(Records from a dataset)
+ + + +

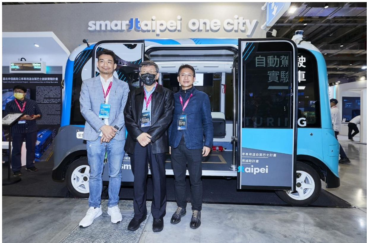
圖8：市長參觀展區(智慧交通-自駕巴士)
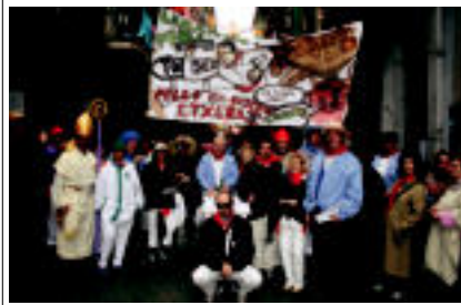
Mozorro batzuk joku handia ematen dute, waterpoloz jantzita esaterako; Lizardi elkartekoak ere hor bilt ziren.
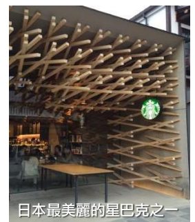
日本最美麗的星巴克之一
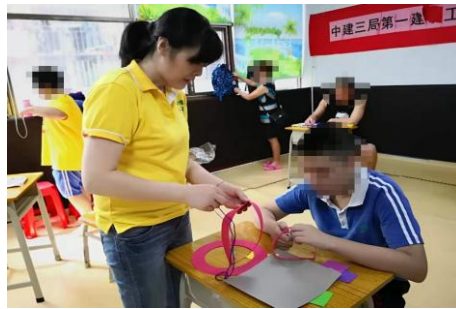
老师教孩子们如何连接各个部分
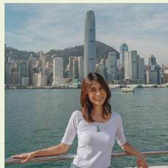
Pui Finanzas, Guía 🇨🇴🇨🇦 Licencia TG00013293
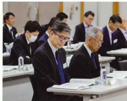
多くの皆さまにご出席いただきました
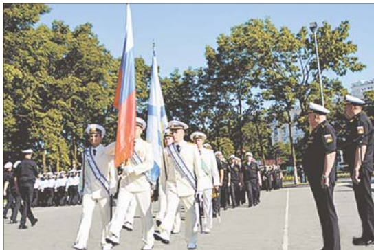
Фото Ильдуса ГИЛЯЗУТДИНОВА.

Пресс-служба Восточного военного округа.
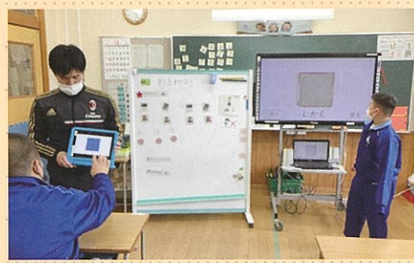
数学 形の仲間集め

日常生活に必要な知識の習得や知識力を高めるために、個々の実態や興味・関心を考慮し、段階的に学習しています。
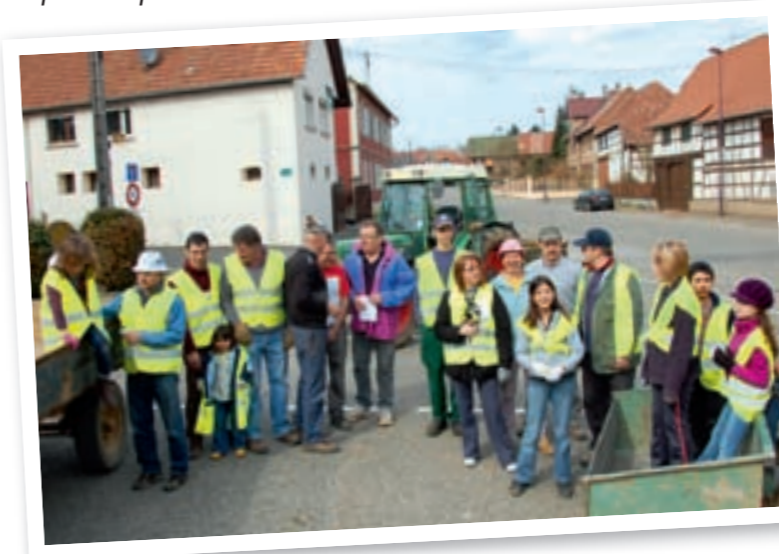
Préserver l'environnement et garder le ban communal « propre » reste la préoccupation d'un certain nombre de villageois, jeunes et moins jeunes, qui n'ont pas hésité à donner de leur temps, pour ramasser tout ce qui ne devrait pas se trouver dans la nature.
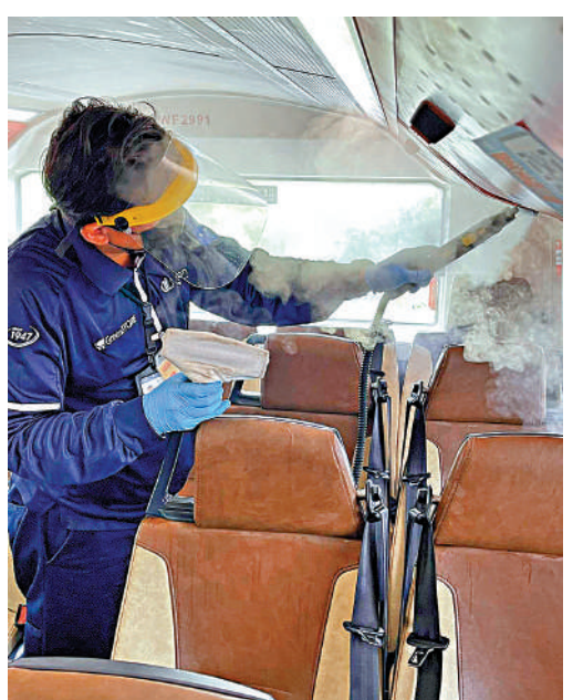
▲九巴得悉事件後，已委託專業公司在該輛巴士車廂進行全面高溫消毒和深層清潔。

+ + + +

— ACTIVITY —
The answer must be an exact copy of the lines above, from the start of the records through the line with "日常生活に必要な知識の習得や", and of nothing else; no pictures belong in it.

— ANSWER SPACE —
圖8：市長參觀展區(智慧交通-自駕巴士)
Mozorro batzuk joku handia ematen dute, waterpoloz jantzita esaterako; Lizardi elkartekoak ere hor bilt ziren.
日本最美麗的星巴克之一
老师教孩子们如何连接各个部分
Pui Finanzas, Guía 🇨🇴🇨🇦 Licencia TG00013293
多くの皆さまにご出席いただきました
Фото Ильдуса ГИЛЯЗУТДИНОВА.

Пресс-служба Восточного военного округа.
数学 形の仲間集め

日常生活に必要な知識の習得や知識力を高めるために、個々の実態や興味・関心を考慮し、段階的に学習しています。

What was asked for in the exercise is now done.